CLIMATE CHANGE & BOLIVIA’S CRISIS DROUGHT
by Amy Booth, IRIN
"This should be tremendous, deep. There should be karachi fish and silverside in here," says Abdon Choque Flores, pointing to a shoulder-high tide mark on the long road bridge that crosses the Desaguadero River in Bolivia’s drought-hit Oruro department.
High on the Andean plateau, the Desaguadero used to connect vast Lake Titicaca with smaller Lake Poopó. But the second lake dried up in late 2015 and there is now so little water in the river that the stretch beneath the bridge is completely dry.
Flores lives in nearby Puñaka, a community of Uru people who traditionally made their living on Lake Poopó, fishing and hunting water birds for their meat and eggs. Now, the village looks across an expansive, white plain that stretches as far as the eye can see.

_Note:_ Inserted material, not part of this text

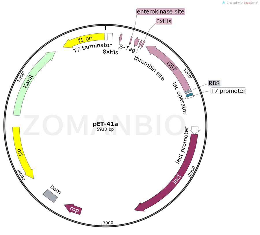 T7 RNA聚合酶啟動(dòng)的克隆和表達(dá)區(qū)域在質(zhì)粒圖譜中也被標(biāo)注了出來。質(zhì)粒的F1復(fù)制子是被定向的,所以在T7噬菌體聚合酶的作用下,包含有蛋白編碼序列的病毒 粒子能夠產(chǎn)生,并啟動(dòng)蛋白表達(dá),同時(shí)蛋白表達(dá)將被T7終止子序列的作用下終止蛋白翻譯。pET-41a載體上面含有一個(gè)EK蛋白酶切位點(diǎn),當(dāng)將目的基因使用載體上面的PshAI限制性內(nèi)切酶位點(diǎn)插入進(jìn)去時(shí),可以通過EK蛋白酶將載體上的融合的所有氨基酸序列包括GST標(biāo)簽序列,全部切除掉。

With the Urus’ main source of food gone, along with the lake, many in the community have been forced to leave to find work in nearby towns. The government is providing those left behind with food aid, but it doesn’t come close to plugging the gap. Flores says they chew coca to suppress their appetite.
Lake Poopó was once Bolivia’s second largest lake, after Titicaca. Climate change has melted the Andean glaciers that fed the lake. Water from its tributaries has been diverted for mining and agriculture. But it was the country’s worst drought in 25 years that dried it up completely.